**Supplied material**
┌────────

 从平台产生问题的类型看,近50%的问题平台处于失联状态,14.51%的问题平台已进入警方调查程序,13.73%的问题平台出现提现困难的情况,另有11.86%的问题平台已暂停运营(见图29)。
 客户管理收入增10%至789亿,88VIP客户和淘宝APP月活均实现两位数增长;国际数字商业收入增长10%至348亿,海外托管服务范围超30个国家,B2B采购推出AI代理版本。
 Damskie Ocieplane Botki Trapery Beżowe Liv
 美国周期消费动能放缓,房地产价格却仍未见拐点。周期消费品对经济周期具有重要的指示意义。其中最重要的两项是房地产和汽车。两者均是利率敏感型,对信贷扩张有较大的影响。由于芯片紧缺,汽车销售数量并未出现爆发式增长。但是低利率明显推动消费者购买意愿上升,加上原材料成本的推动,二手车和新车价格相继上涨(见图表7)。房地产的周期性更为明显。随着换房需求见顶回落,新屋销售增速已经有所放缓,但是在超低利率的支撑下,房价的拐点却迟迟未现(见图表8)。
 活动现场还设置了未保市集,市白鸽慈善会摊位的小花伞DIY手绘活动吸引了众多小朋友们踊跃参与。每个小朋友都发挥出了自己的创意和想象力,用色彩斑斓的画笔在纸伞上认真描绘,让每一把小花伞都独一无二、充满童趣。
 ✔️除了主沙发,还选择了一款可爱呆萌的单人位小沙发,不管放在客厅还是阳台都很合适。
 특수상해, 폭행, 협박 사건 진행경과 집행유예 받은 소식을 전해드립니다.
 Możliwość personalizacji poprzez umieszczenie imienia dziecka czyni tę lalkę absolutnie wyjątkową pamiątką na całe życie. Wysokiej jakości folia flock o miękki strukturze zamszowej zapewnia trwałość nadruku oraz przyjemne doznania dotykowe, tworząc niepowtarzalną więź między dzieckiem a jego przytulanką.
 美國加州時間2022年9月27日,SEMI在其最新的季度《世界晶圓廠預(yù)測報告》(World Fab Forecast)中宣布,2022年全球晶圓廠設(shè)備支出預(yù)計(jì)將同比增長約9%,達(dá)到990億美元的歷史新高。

└────────
┌────────

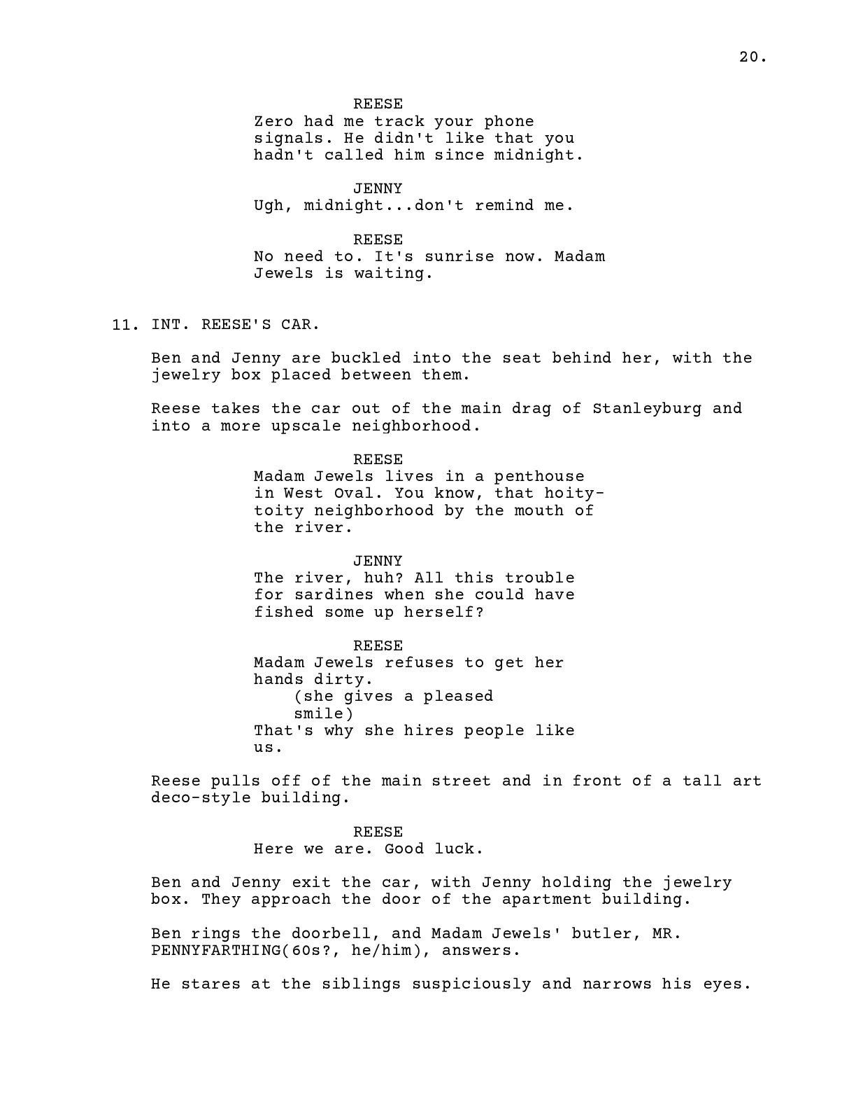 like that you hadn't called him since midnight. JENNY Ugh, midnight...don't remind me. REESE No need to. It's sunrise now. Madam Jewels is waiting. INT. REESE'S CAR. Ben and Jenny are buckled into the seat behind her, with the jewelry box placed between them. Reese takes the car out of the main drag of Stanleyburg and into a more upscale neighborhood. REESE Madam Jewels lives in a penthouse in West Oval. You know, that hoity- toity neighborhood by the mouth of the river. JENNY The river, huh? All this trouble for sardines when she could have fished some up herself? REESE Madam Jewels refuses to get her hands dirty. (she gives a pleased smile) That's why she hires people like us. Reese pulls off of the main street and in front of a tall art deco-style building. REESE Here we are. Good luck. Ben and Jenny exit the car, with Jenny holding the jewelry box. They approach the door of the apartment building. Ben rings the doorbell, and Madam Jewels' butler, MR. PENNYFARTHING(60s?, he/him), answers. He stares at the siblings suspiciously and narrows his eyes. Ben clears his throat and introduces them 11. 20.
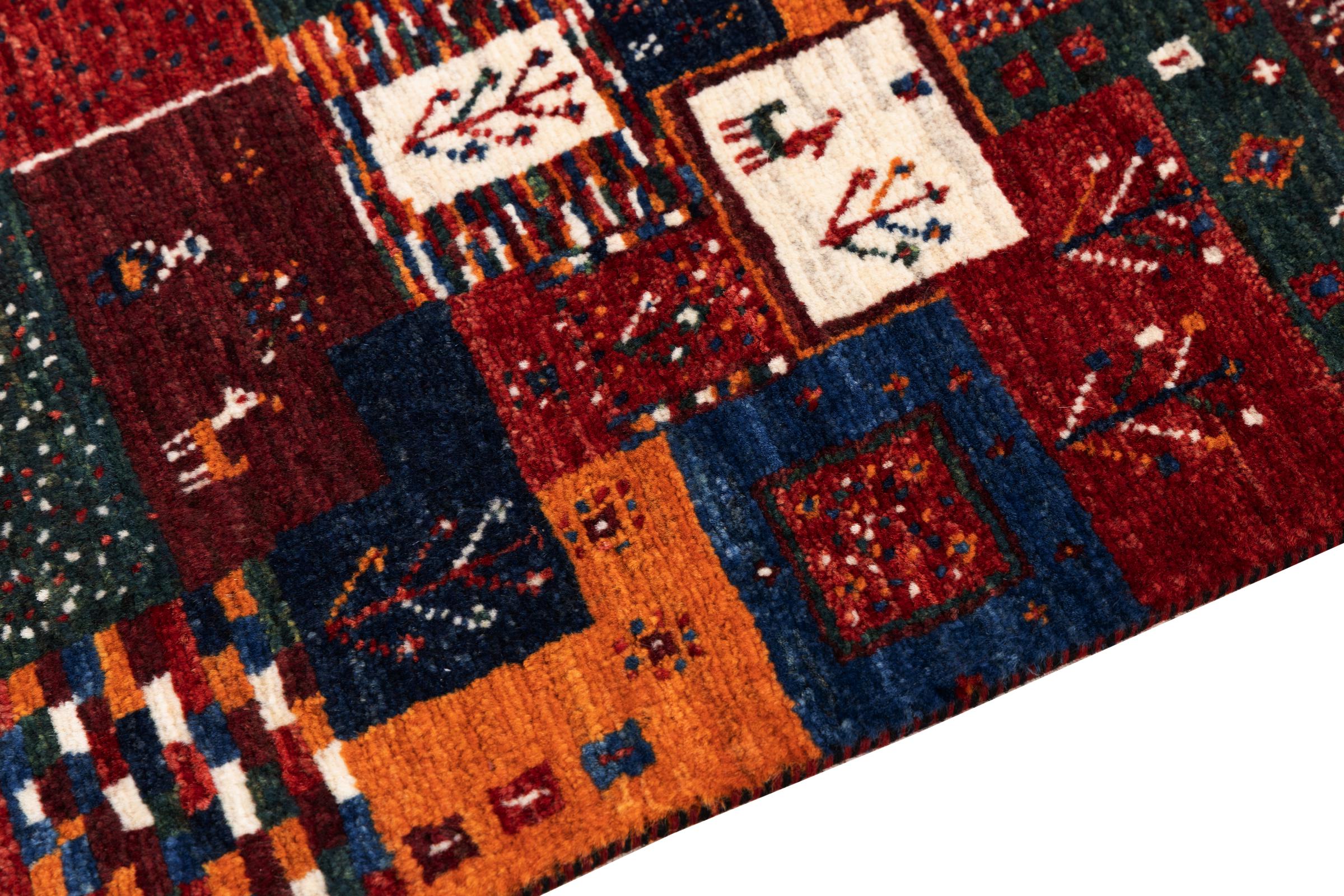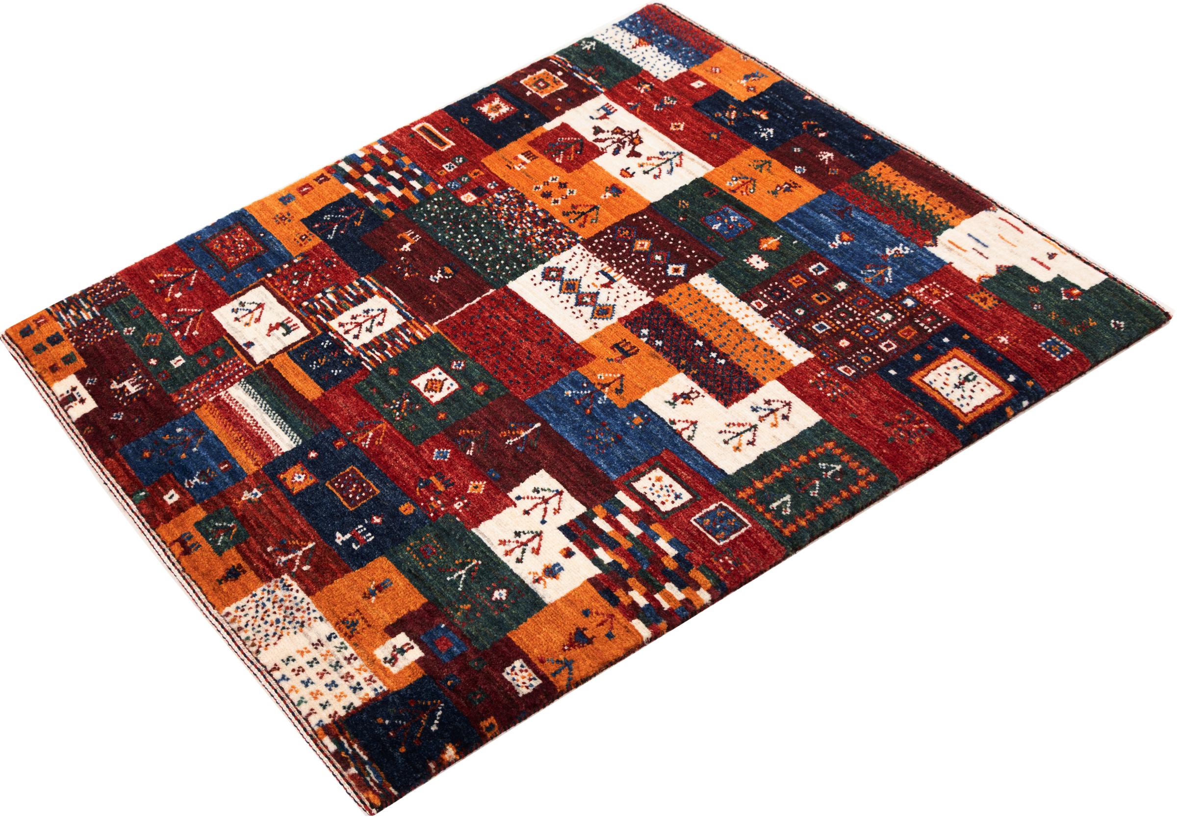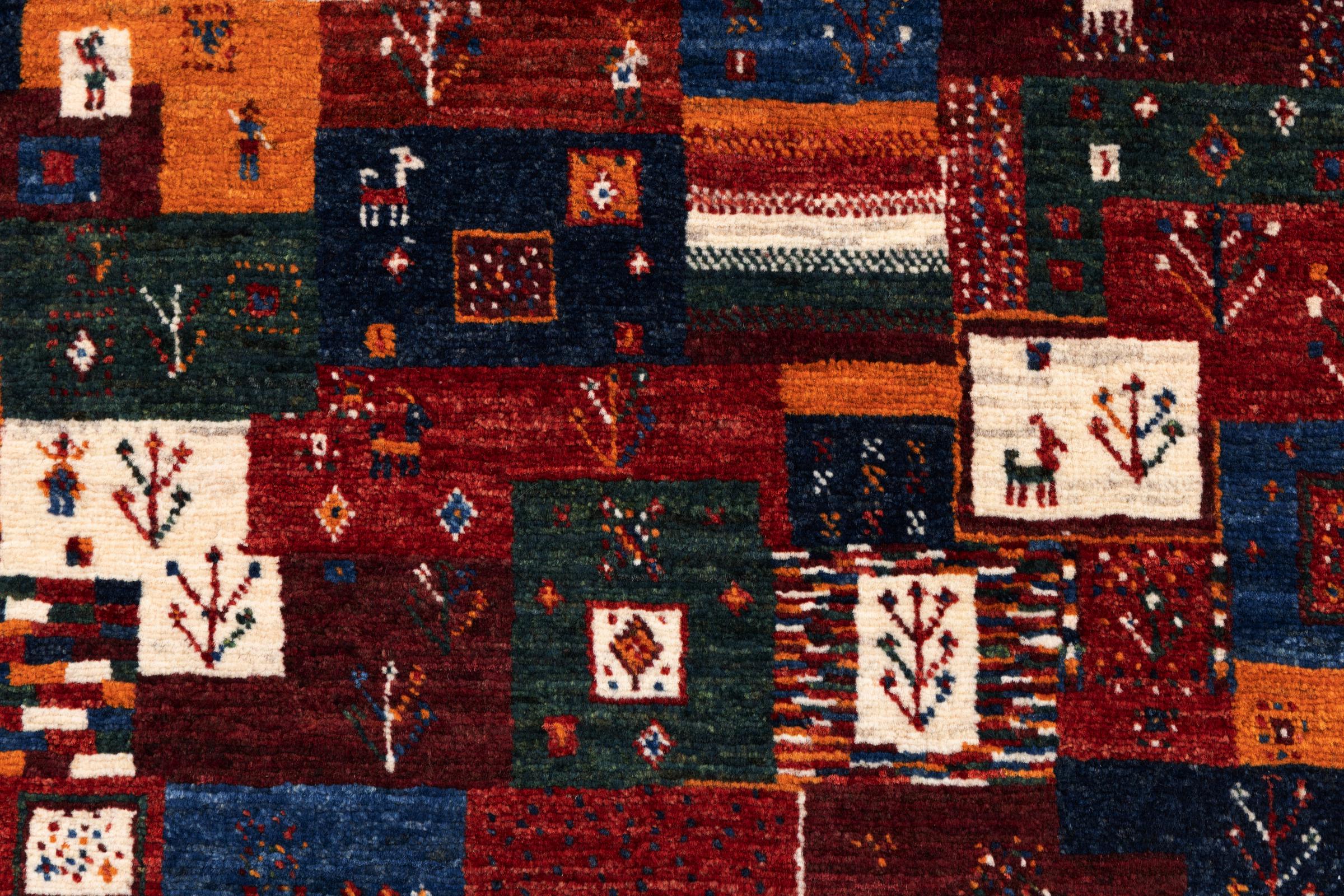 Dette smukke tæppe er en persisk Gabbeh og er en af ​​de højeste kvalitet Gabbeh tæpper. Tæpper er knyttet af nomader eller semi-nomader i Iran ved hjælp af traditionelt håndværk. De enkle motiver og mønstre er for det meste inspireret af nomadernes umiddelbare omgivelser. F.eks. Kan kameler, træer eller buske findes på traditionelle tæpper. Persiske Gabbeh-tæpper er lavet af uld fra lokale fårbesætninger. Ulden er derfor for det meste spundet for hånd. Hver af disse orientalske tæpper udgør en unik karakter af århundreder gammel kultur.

└────────

**What the task asks**
Within the material above, copy exactly the lines from the line that holds "从平台产生问题的类型看,近5" up to and including the line that holds "특수상해, 폭행, 협박 사건 진행경과 집행유예 받은 소식을 전해드립니다.".

**Exercise solution**
 从平台产生问题的类型看,近50%的问题平台处于失联状态,14.51%的问题平台已进入警方调查程序,13.73%的问题平台出现提现困难的情况,另有11.86%的问题平台已暂停运营(见图29)。
 客户管理收入增10%至789亿,88VIP客户和淘宝APP月活均实现两位数增长;国际数字商业收入增长10%至348亿,海外托管服务范围超30个国家,B2B采购推出AI代理版本。
 Damskie Ocieplane Botki Trapery Beżowe Liv
 美国周期消费动能放缓,房地产价格却仍未见拐点。周期消费品对经济周期具有重要的指示意义。其中最重要的两项是房地产和汽车。两者均是利率敏感型,对信贷扩张有较大的影响。由于芯片紧缺,汽车销售数量并未出现爆发式增长。但是低利率明显推动消费者购买意愿上升,加上原材料成本的推动,二手车和新车价格相继上涨(见图表7)。房地产的周期性更为明显。随着换房需求见顶回落,新屋销售增速已经有所放缓,但是在超低利率的支撑下,房价的拐点却迟迟未现(见图表8)。
 活动现场还设置了未保市集,市白鸽慈善会摊位的小花伞DIY手绘活动吸引了众多小朋友们踊跃参与。每个小朋友都发挥出了自己的创意和想象力,用色彩斑斓的画笔在纸伞上认真描绘,让每一把小花伞都独一无二、充满童趣。
 ✔️除了主沙发,还选择了一款可爱呆萌的单人位小沙发,不管放在客厅还是阳台都很合适。
 특수상해, 폭행, 협박 사건 진행경과 집행유예 받은 소식을 전해드립니다.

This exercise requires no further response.